**MATERIAL FOR THE TASK**.
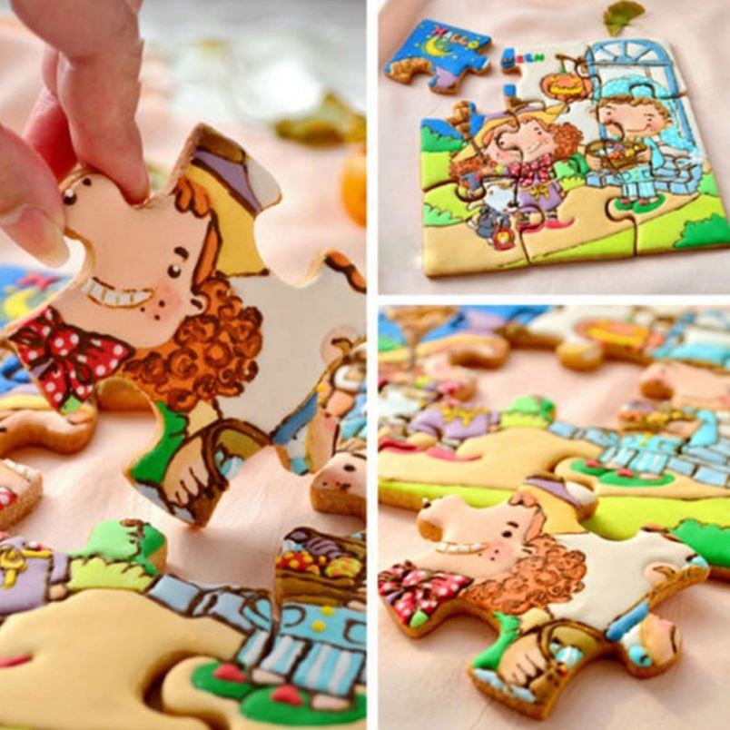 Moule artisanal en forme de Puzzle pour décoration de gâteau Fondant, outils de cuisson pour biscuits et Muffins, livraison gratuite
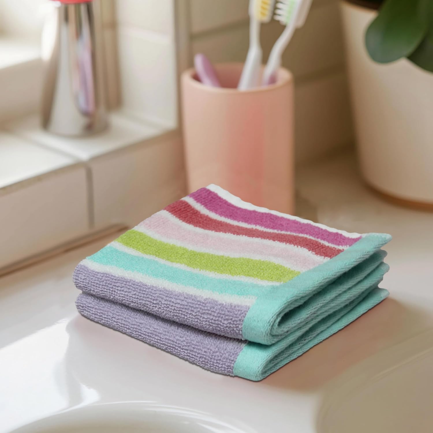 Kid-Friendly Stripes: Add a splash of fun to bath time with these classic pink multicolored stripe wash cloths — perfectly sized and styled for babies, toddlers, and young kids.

--

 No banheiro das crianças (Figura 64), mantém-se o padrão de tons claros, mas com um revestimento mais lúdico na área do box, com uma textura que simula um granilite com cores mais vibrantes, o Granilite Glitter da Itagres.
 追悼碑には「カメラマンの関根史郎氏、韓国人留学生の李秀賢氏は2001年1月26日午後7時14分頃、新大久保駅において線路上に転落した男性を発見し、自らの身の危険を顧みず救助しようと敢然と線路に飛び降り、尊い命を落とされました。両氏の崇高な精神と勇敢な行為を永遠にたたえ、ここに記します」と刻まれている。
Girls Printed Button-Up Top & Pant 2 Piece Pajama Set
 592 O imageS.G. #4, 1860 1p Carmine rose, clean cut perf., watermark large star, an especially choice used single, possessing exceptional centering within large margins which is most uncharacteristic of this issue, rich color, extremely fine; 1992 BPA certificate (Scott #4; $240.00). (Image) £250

---

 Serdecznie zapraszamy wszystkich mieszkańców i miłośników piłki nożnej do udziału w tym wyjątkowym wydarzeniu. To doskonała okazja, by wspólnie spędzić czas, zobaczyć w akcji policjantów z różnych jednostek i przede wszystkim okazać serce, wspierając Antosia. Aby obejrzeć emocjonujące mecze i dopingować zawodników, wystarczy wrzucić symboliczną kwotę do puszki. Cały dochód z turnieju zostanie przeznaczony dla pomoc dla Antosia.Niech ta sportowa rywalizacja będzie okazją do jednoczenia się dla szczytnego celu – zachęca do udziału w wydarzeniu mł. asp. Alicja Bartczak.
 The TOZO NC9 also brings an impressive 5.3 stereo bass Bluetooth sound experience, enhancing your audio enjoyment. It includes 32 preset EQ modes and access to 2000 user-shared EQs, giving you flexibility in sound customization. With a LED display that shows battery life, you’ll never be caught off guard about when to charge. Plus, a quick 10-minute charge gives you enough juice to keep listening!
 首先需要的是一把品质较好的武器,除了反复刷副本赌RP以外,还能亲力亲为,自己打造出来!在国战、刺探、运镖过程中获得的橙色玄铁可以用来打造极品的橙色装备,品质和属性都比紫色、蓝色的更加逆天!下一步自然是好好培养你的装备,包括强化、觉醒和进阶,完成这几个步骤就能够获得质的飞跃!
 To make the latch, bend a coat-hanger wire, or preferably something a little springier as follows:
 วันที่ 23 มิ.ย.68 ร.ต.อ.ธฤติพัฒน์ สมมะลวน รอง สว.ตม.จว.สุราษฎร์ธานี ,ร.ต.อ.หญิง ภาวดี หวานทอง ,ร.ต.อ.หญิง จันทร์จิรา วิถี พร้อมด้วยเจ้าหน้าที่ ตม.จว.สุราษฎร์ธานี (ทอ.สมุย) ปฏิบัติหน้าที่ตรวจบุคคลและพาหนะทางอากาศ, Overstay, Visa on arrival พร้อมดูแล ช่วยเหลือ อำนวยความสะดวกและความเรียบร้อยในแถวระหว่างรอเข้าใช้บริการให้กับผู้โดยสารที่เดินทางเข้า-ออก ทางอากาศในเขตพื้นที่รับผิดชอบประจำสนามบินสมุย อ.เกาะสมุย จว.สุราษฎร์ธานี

**WHAT TO PRODUCE**. Beginning at the line above that contains "To make the", return each line exactly through the line that contains "วันที่ 23 มิ.ย.68", and no others.

**SOLUTION TO THIS TASK**.
 To make the latch, bend a coat-hanger wire, or preferably something a little springier as follows:
 วันที่ 23 มิ.ย.68 ร.ต.อ.ธฤติพัฒน์ สมมะลวน รอง สว.ตม.จว.สุราษฎร์ธานี ,ร.ต.อ.หญิง ภาวดี หวานทอง ,ร.ต.อ.หญิง จันทร์จิรา วิถี พร้อมด้วยเจ้าหน้าที่ ตม.จว.สุราษฎร์ธานี (ทอ.สมุย) ปฏิบัติหน้าที่ตรวจบุคคลและพาหนะทางอากาศ, Overstay, Visa on arrival พร้อมดูแล ช่วยเหลือ อำนวยความสะดวกและความเรียบร้อยในแถวระหว่างรอเข้าใช้บริการให้กับผู้โดยสารที่เดินทางเข้า-ออก ทางอากาศในเขตพื้นที่รับผิดชอบประจำสนามบินสมุย อ.เกาะสมุย จว.สุราษฎร์ธานี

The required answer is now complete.